» Study material
--- START ---
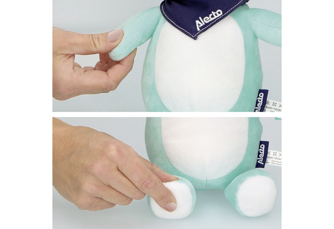 Als Zugabe ist der Alecto BC-350 mit einem Geräuschsensor ausgestattet. Ist dieser Modus und damit der Geräuschsensor eingeschaltet, spielt das Kuscheltier sobald es ein Geräusch erkennt automatisch 15 Minuten lang Schlaflieder oder Töne ab, die Ihr Kind ganz von alleine wieder einschlafen lassen. Ganz ohne Hilfe von Mama oder Papa. Danach bleibt der Sensor noch 3 Stunden lang aktiv, ehe er sich vollständig abschaltet.
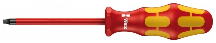 Отвертка диэлектрическая Wera Kraftform Plus 168 i VDE для винтов с внутренним квадратом #2х100. С многокомпонентной изолированной рукояткой Kraftform с защитой от перекатывания.
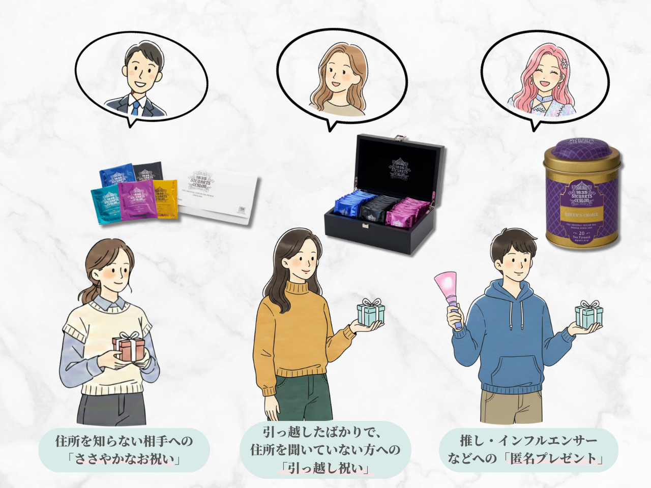 A. はい、可能です。配送伝票の送り主様欄には「George Steuart Tea 公式通販 eギフト部」と記載され、贈り主様の個人情報は記載されません。SNSで知り合ったご友人などへも安心してお贈りいただけます。
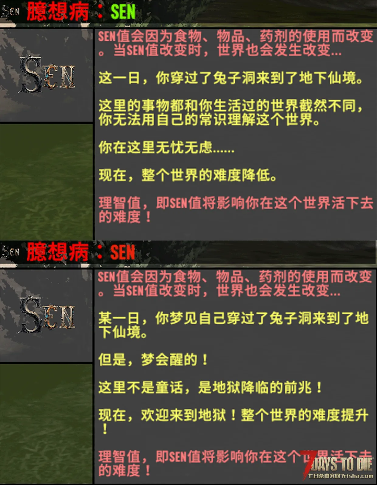 【臆想症】是由阳向渚开发的一款几乎可以兼容任何模组的大型模组。目前发布为测试版本,仅包含基础的游戏玩法和关键道具。该模组可通过游戏内的物品进行动态的游戏难度和游戏阶段的调整。本模组将SEN值设为主要的游戏玩法,可通过游戏内使用特定道具增减SEN值来达到对游戏难度的动态调整。SEN值会影响你的游戏阶段和游戏难度。你可以通过游戏内道具进行动态调整。另一个重要玩法是魂魄计数,该计数是你能存活的时间,若计数归零则会立即死亡,可通过游戏内道具进行动态调整。在你即将因魂魄计数归零而死亡时将会触发长时间且明显的提示buff,直到你的魂魄计数恢复到一定数量。
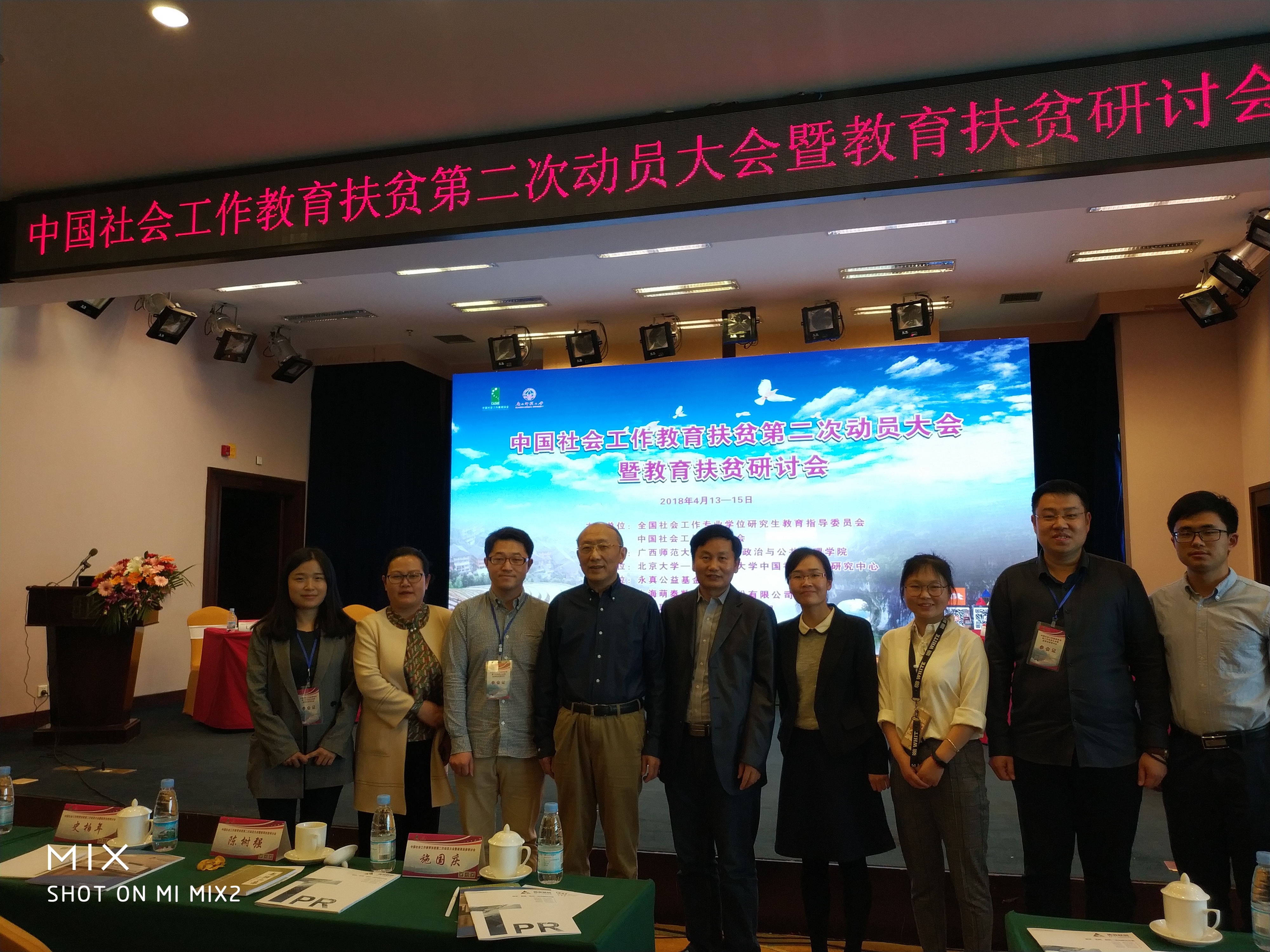 中国社会工作教育扶贫第二次动员大会暨教会扶贫研讨会,于2018年4月13日—4月15日在广西桂林召开。本次研讨会由中国社会工作专业学位研究生教育指导委员会、中国社会工作教育协会主办,广西师范大学法公司、政治与公共管理公司承办,北京大学-香港理工大学中国社会工作研究中心协办。来自多所高校的专家学者和政府官员齐聚一堂,共同探讨我国脱贫攻坚最后一战,为社会工作教育参加精准扶贫做第二次动员。中国社会工作教育协会会长、BETVICTOR上海高校智库社会工作与社会政策研究院经理、社会工作系徐永祥教授带领BETVICTOR伟德副经理杨发祥教授、社会工作系副主任黄锐副教授、MSW教育中心副主任刘艳霞老师和博士生刘振、郭儒鹏、徐立娟等一行师生共同参加了此次动员大会暨教育扶贫研讨会。
--- END ---
» Task objective
Would you write out each entry word for word and omit the images?

» Output for this task
 Als Zugabe ist der Alecto BC-350 mit einem Geräuschsensor ausgestattet. Ist dieser Modus und damit der Geräuschsensor eingeschaltet, spielt das Kuscheltier sobald es ein Geräusch erkennt automatisch 15 Minuten lang Schlaflieder oder Töne ab, die Ihr Kind ganz von alleine wieder einschlafen lassen. Ganz ohne Hilfe von Mama oder Papa. Danach bleibt der Sensor noch 3 Stunden lang aktiv, ehe er sich vollständig abschaltet.
 Отвертка диэлектрическая Wera Kraftform Plus 168 i VDE для винтов с внутренним квадратом #2х100. С многокомпонентной изолированной рукояткой Kraftform с защитой от перекатывания.
 A. はい、可能です。配送伝票の送り主様欄には「George Steuart Tea 公式通販 eギフト部」と記載され、贈り主様の個人情報は記載されません。SNSで知り合ったご友人などへも安心してお贈りいただけます。
 【臆想症】是由阳向渚开发的一款几乎可以兼容任何模组的大型模组。目前发布为测试版本,仅包含基础的游戏玩法和关键道具。该模组可通过游戏内的物品进行动态的游戏难度和游戏阶段的调整。本模组将SEN值设为主要的游戏玩法,可通过游戏内使用特定道具增减SEN值来达到对游戏难度的动态调整。SEN值会影响你的游戏阶段和游戏难度。你可以通过游戏内道具进行动态调整。另一个重要玩法是魂魄计数,该计数是你能存活的时间,若计数归零则会立即死亡,可通过游戏内道具进行动态调整。在你即将因魂魄计数归零而死亡时将会触发长时间且明显的提示buff,直到你的魂魄计数恢复到一定数量。
 中国社会工作教育扶贫第二次动员大会暨教会扶贫研讨会,于2018年4月13日—4月15日在广西桂林召开。本次研讨会由中国社会工作专业学位研究生教育指导委员会、中国社会工作教育协会主办,广西师范大学法公司、政治与公共管理公司承办,北京大学-香港理工大学中国社会工作研究中心协办。来自多所高校的专家学者和政府官员齐聚一堂,共同探讨我国脱贫攻坚最后一战,为社会工作教育参加精准扶贫做第二次动员。中国社会工作教育协会会长、BETVICTOR上海高校智库社会工作与社会政策研究院经理、社会工作系徐永祥教授带领BETVICTOR伟德副经理杨发祥教授、社会工作系副主任黄锐副教授、MSW教育中心副主任刘艳霞老师和博士生刘振、郭儒鹏、徐立娟等一行师生共同参加了此次动员大会暨教育扶贫研讨会。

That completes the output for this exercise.